→ **Records shown**

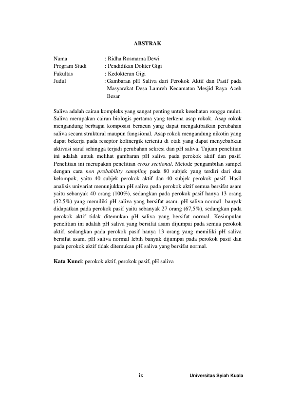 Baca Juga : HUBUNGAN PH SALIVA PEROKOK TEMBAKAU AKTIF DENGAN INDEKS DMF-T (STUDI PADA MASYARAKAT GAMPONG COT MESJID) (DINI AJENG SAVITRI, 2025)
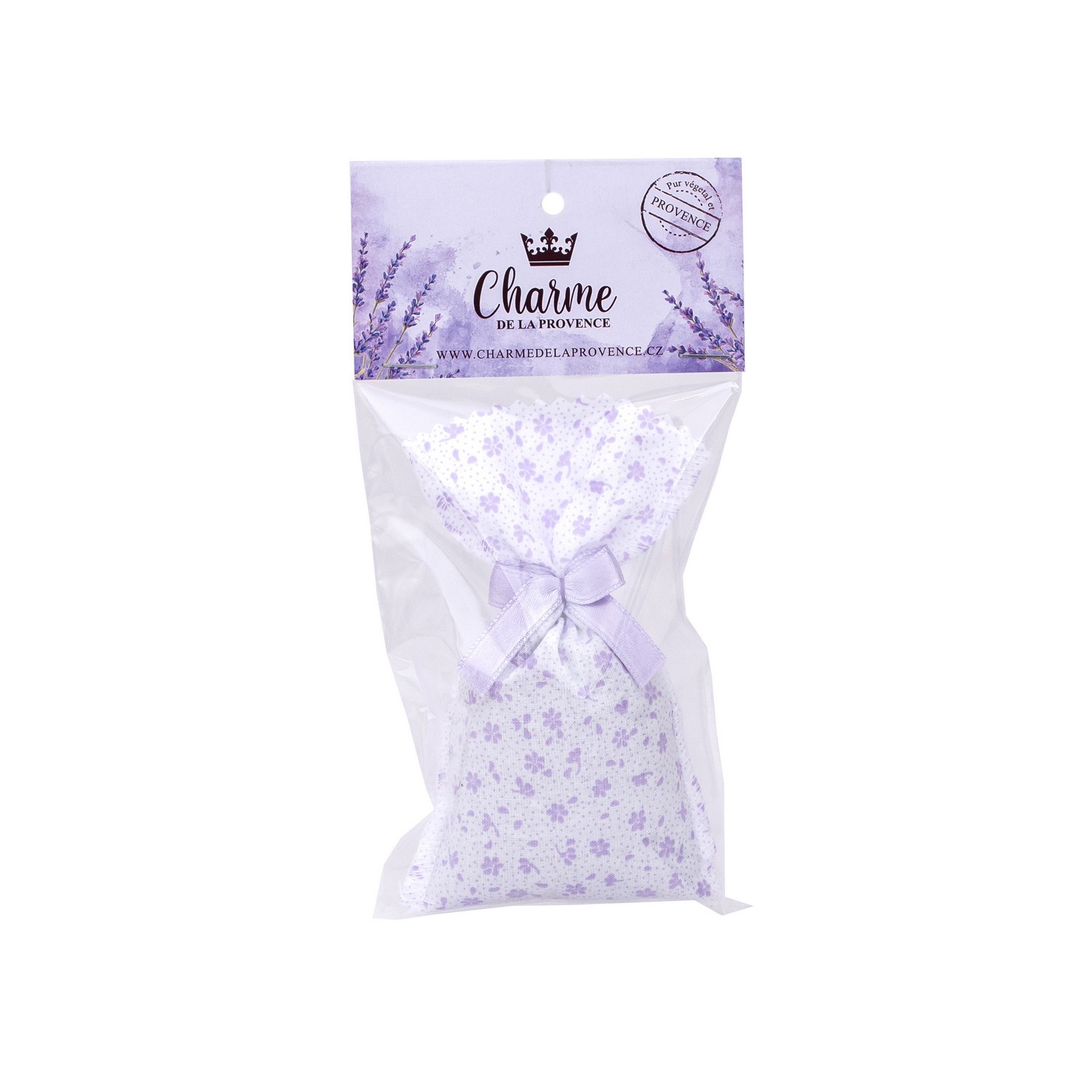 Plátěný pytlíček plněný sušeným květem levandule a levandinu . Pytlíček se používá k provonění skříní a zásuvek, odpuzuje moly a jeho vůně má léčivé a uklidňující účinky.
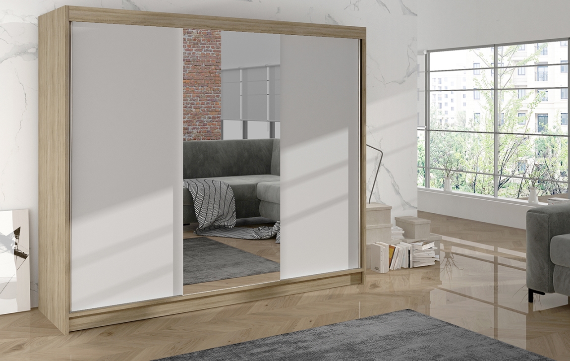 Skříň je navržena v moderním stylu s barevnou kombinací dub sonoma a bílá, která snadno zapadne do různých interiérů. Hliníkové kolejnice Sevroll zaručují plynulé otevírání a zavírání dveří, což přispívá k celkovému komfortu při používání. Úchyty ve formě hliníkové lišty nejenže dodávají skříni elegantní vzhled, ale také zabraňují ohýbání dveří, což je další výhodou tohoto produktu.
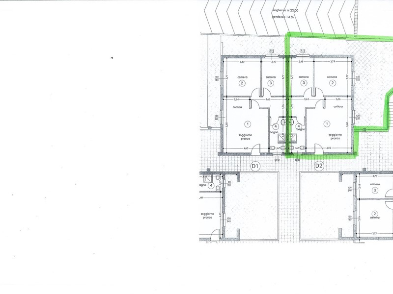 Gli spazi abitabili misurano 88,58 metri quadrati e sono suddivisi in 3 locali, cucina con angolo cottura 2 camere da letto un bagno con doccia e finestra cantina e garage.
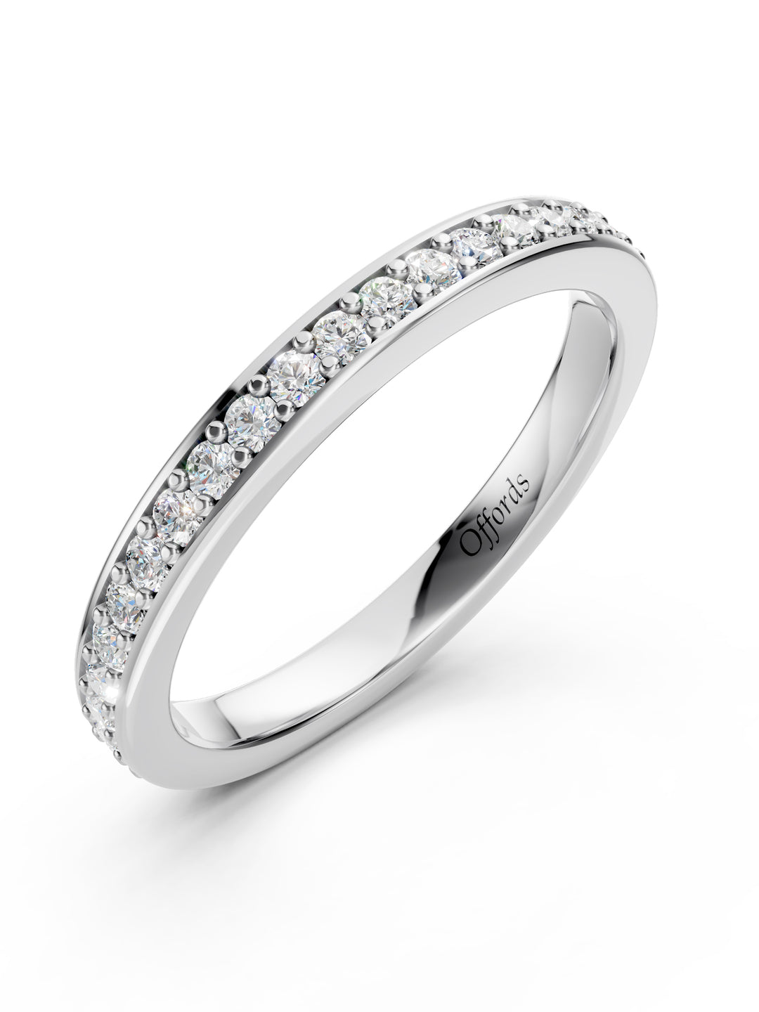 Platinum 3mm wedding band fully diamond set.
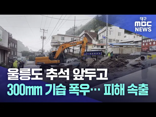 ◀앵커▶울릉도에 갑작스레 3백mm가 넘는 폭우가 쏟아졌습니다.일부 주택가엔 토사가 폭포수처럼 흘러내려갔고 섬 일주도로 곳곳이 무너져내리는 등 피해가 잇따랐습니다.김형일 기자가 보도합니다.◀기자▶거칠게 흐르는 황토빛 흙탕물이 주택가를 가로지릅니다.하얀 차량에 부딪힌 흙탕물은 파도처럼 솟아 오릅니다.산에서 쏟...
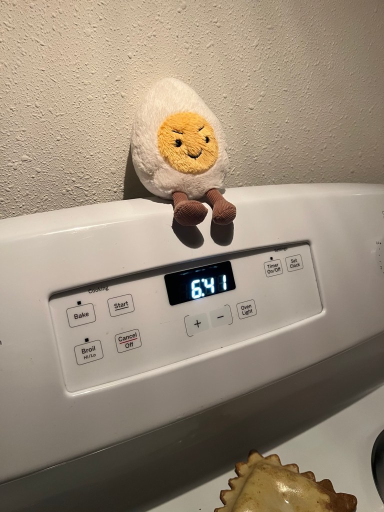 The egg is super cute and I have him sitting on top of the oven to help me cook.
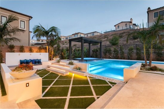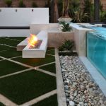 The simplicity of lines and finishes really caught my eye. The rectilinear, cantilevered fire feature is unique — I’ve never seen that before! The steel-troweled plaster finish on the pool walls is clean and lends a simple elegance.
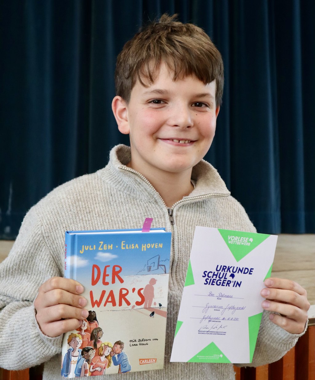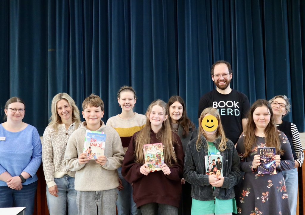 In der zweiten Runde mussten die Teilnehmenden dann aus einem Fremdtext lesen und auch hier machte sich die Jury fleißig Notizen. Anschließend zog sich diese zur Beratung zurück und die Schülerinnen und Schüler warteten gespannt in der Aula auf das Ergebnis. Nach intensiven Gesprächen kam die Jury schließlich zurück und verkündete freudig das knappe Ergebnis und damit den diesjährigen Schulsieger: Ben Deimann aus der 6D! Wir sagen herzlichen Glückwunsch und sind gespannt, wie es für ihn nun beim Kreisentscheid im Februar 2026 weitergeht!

→ **Work required**
In the data above, retype only the stretch from the line with "Platinum 3mm wedding band fully diamond set." through the line with "The simplicity of", word for word, and skip any pictures.

→ **Answer to this problem**
 Platinum 3mm wedding band fully diamond set.
 ◀앵커▶울릉도에 갑작스레 3백mm가 넘는 폭우가 쏟아졌습니다.일부 주택가엔 토사가 폭포수처럼 흘러내려갔고 섬 일주도로 곳곳이 무너져내리는 등 피해가 잇따랐습니다.김형일 기자가 보도합니다.◀기자▶거칠게 흐르는 황토빛 흙탕물이 주택가를 가로지릅니다.하얀 차량에 부딪힌 흙탕물은 파도처럼 솟아 오릅니다.산에서 쏟...
 The egg is super cute and I have him sitting on top of the oven to help me cook.
 The simplicity of lines and finishes really caught my eye. The rectilinear, cantilevered fire feature is unique — I’ve never seen that before! The steel-troweled plaster finish on the pool walls is clean and lends a simple elegance.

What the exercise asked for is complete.